Background information
- Origin: Hong Kong
- Genres: Pop rock; Cantopop;
- Years active: 2008–2019
- Labels: Universal Music Hong Kong (2008 - 2016)
- Members: Alan Po; Ronny Lay; MJ Tam; Dash Tam; Tom To;

= Mr. (band) =

Hong Kong pop rock band

Mr. (pronounced Mister; previously known as White Noise) is a Hong Kong pop rock band. They debuted in 2008 under Universal Music Hong Kong with the eponymous EP Mister and have since released nine full-length studio albums. The band consists of Alan Po, Ronny Lay, MJ Tam, Dash Tam, and Tom To.

== History ==
Mr. debuted with the track "Everyone". They released their debut EP Mister on November 12, 2008. Two other singles were released in support of the EP. The band's lead singer Alan was noted for his vocals being similar to Eason Chan. The band won various year-end awards, including the Group Silver Prize at the 2008 Ultimate Song Chart Awards

On 3 September 2009, the band released their first studio album, If I Am... Singles from the album included "Swing" (搖擺), "If I Were Eason Chan" (如果我是陳奕迅), "Forest", and "Mr. Tam", a duet with Alan Tam. "Swing" topped the Ultimate Song Chart. "If I Were Eason Chan" helped Mr. gain popularity in Hong Kong, topping three music charts and earned multiple year-end awards. At the 2009 Ultimate Song Chart Awards Presentation, "If I Were Eason Chan" was awarded "My Favourite Song" and Mr. won "My Favorite Group".

The next year Mr. released a remix album titled Like Black. They held their first headlining concert at the Hong Kong Coliseum on 6–7 March 2010, the first band since the legendary Beyond to hold a concert there.

In October 2010, Mr. collaborated with Alan Tam on the album Rolling Power (滾軸力量). The bilingual album consists of 10 Mandarin tracks and 10 Cantonese tracks. "Life of John" and "Go" were released as singles in support of the album.
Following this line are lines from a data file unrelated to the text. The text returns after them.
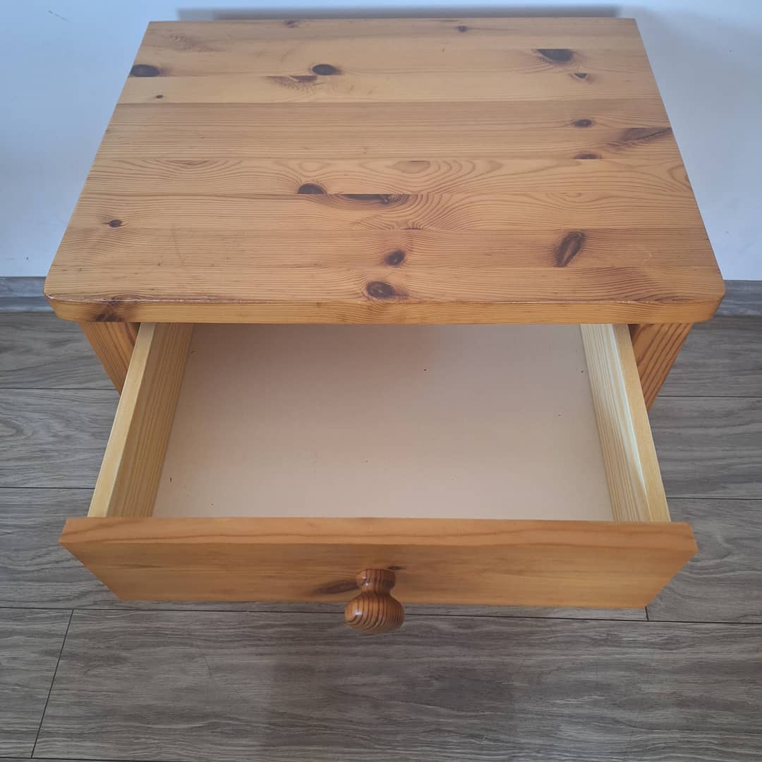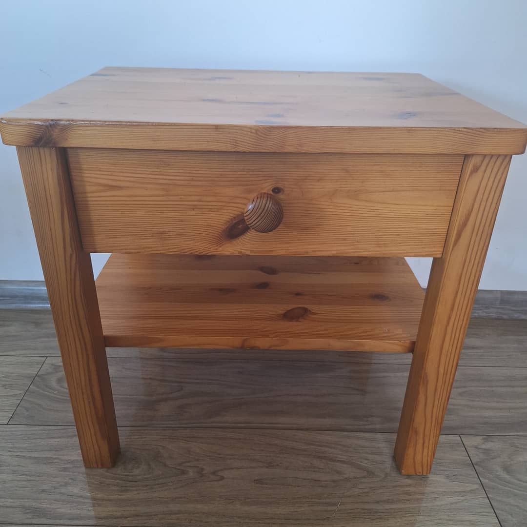 Szafka nocna drewniana z szufladką wymiary 50/39/48 cm. Możliwy dowóz lub wysyłka. Cena 110 zł.
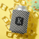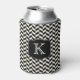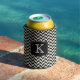 Black and White Herringbone Pattern with Monogram Can Cooler
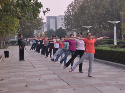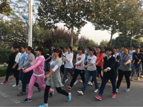 参与广播体操表演的教职工们自愿牺牲个人休息时间进行统一训练,

"Tonight Tonight" was released to radio stations in late 2010, topping charts on Metro Radio and 903 Ultimate Song Chart. On 16 May 2011, Mr. released their fourth studio album, People Sing For People. On July 3–4, they headlined their second major concert Everyone Concert 02 at the Hong Kong Coliseum.

In March 2012, Mr. released an eight-track studio album titled Misterdays. The single "Yesterday" (昨天) topped music charts and won various year-end awards.
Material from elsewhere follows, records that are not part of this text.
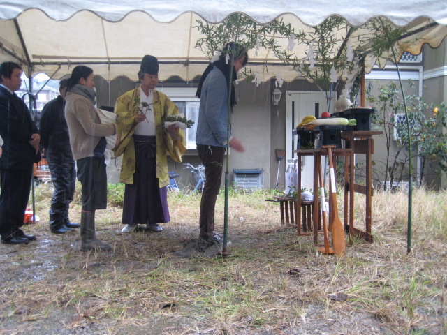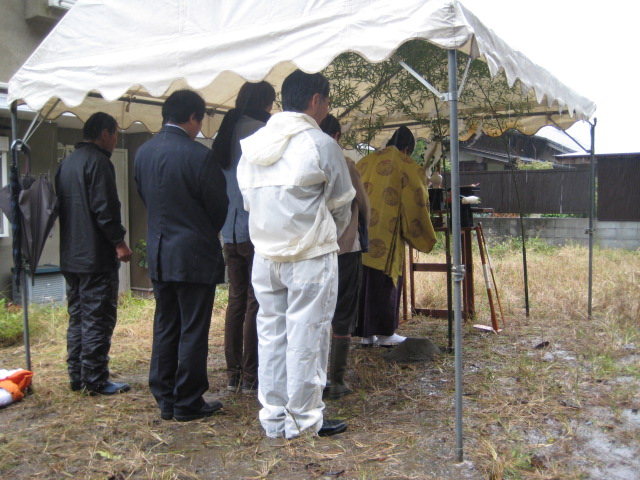 朝から雨が降っていたのでテントをはっての地鎮祭。
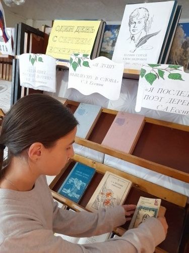 Сергей Александрович Есенин — известный русский поэт, тончайший лирик, волшебник русского пейзажа, удивительно чуткий к земным краскам, звукам и запахам. Есенин был большим и смелым мастером стиха. Читательская любовь к Есенину велика. Ко дню рождения  поэта  в Бяковской библиотеке открыта экспозиция, где можно познакомиться с различными изданиями произведений поэта, открывающими мир больших чувств, переживаний поэта, его раздумий о судьбах Родины, также представлен критический материал о творчестве поэта, публикации о жизни С.А. Есенина. Школьники и посетители  библиотеки с удовольствием вспоминали и читали стихи любимого поэта.
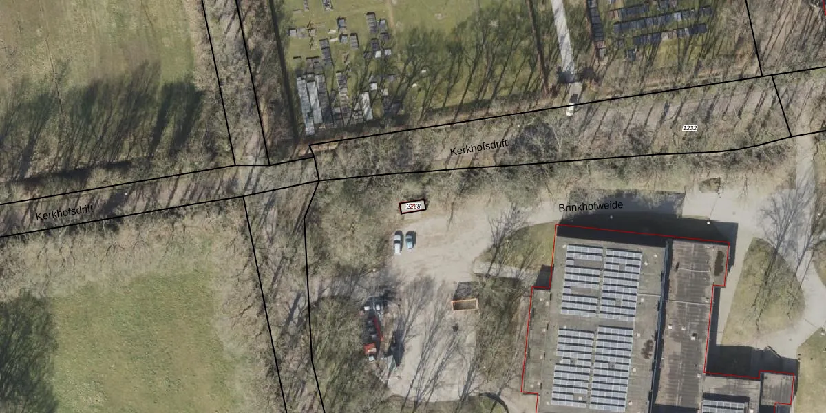 Het perceel waarop het adres ligt is NOR00-R-2268. De afkorting 'NOR00' staat voor kadastrale gemeente Norg. De gemiddelde perceelgrootte in Norg is 1,4 ha. Dit perceel is kleiner: de perceeloppervlakte bedraagt 15 m². De grootste perceeloppervlakte in de kadastrale gemeente is 1,59 km². De kleinste oppervlakte bedraagt 1 m². Dit is het enige adres dat aanwezig is op het perceel. In de Basisregistratie Kadaster (BRK) werden de grenzen van het perceel geregistreerd op 26-01-2015.
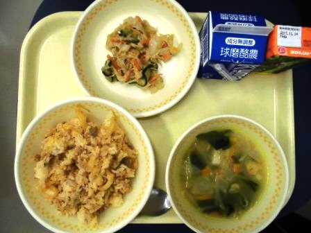 献立名:麦ご飯 牛乳 大豆の磯煮 春雨の酢の物
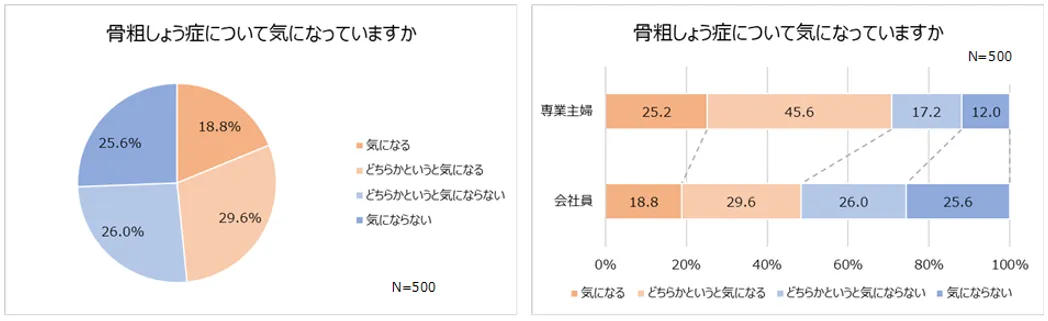 専業主婦を対象として比較した場合には、「気になる(25.2%)」「どちらかというと気になる(45.6%)」の割合が、会社員を上回る結果となりました。専業主婦は、食事における家族の健康を気にする機会が多いことから、会社員よりも骨粗しょう症へ意識が高いという結果が出たと考えられます。
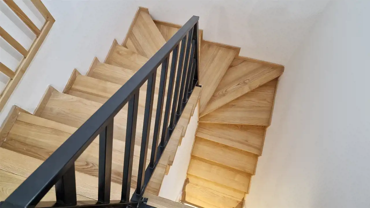 drewniane schody z podświetlanymi stopniami,
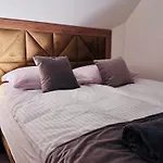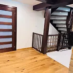 Complete with a dressing room, Dom Na Styku apartment is appointed with a sofa and a writing desk, and contemporary amenities such as a multi-channel television. A bathroom comprises a tub and a shower. A hair dryer and free toiletries can also be found.
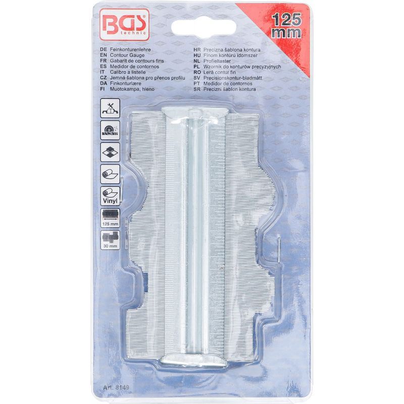 BGS 8149 je kontomjer za brzo kopiranje i prenošenje kontura/oblika (npr. karoserija, letvice, profili). Koristi se kad trebate prenijeti “nepravilan” oblik na drugi materijal ili označiti rez bez višestrukog mjerenja. Maksimalna širina mjerenja je 125 mm.
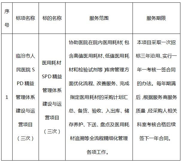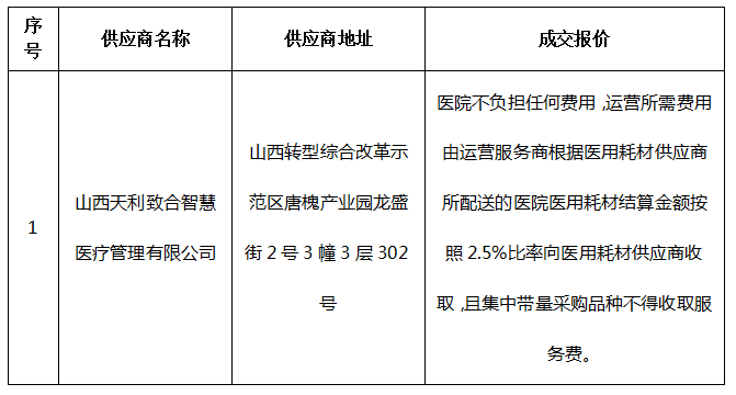 临汾市人民医院SPD精益管理体系建设与运营项目(三次)成交结果公告
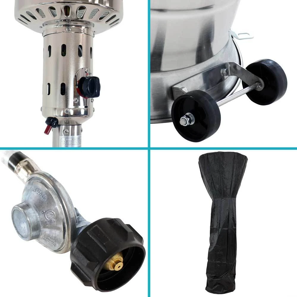 - Patio Heater with Wheels and Cover: this propane patio heater with cover features two wheels for easy mobility and a convenient table for drinks, snacks, and more. The protective cover also features a zipper for easy access. A 20 lb propane gas cylinder is required for operation (not included).

To promote their upcoming studio album, New Beginning, "What R We Fighting 4", "Sense of Direction" (方向感), "A Love Song" (一首情歌) were released as singles. On 4–5 January 2013, Mr. headlined their third major concert, New Beginning Live at the Hong Kong Coliseum. That same day, their sixth studio album New Beginning was released. The band stayed in Taiwan for ten months to work on their first Mandarin album Fly (飛行的一百個理由). Five singles from the album were released as singles, including the title track "Fly", "Love and Peace", "Wake Up", and "Merry Christmas To You : )". Fly was released on 25 March 2014.
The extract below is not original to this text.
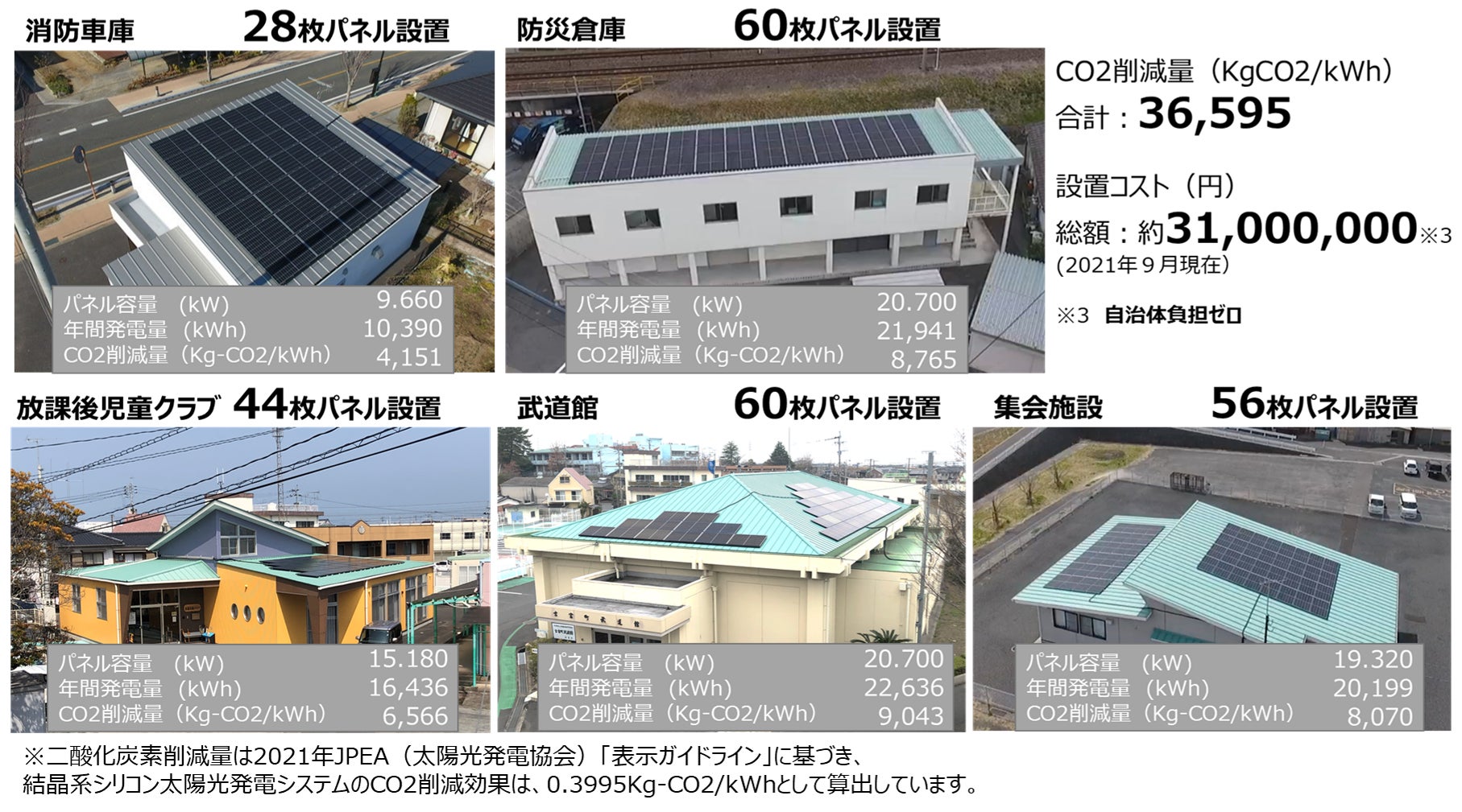 - 参考実績 「地域脱炭素プロジェクト」吉富モデル (公共施設47ヵ所のうち5カ所に設置)

In 2015, disputes between the band and Universal Music, and among the members themselves led to them not renewing their record contract with Universal, which ended in June 2016. The albums We R Mr. Vol. 1 and We R Mr. Vol. 2, containing new tracks and greatest hits were released on 13 April 2017. Universal sent the track "Unbending" (不屈) to radio stations. The song peaked at No. 9 on Ultimate Song Chart.

The band reunited in 2019, releasing two new singles and held their 10th anniversary concert Everyone Concert 10 on 16–17 May 2019.

== Members ==

- Alan Po (布志綸, lead vocalist)
- Ronny Lay (黎澤恩, rhythm guitarist)
- Quincy "MJ" Tam (譚傑明, lead guitarist)
- Desmond "Dash" Tam (譚健文, bass guitarist and backing vocals)
- Tom To (杜志烜, drummer)

== Discography ==

=== Studio albums ===

- Mister (2008)
- If I Am... (2009)
- Rolling Power (with Alan Tam) (2010)
- People Sing for People (2011)
- Misterdays (2012)
- New Beginning (2013)
- 100 Reasons To Fly 飛行的一百個理由 (2014)
- We R Mr. Vol. 1 (Studio + Greatest Hits) (2017)
- We R Mr. Vol. 2 (Studio + Greatest Hits) (2017)

=== Extended plays ===

- Reality Game 現實遊戲 (2015)

=== Live albums ===

- Everyone Concert 01 (2010)
- Everyone Concert 02: People Sing For People 2011 Live (2011)

=== Remix album ===

- Like Black (2010)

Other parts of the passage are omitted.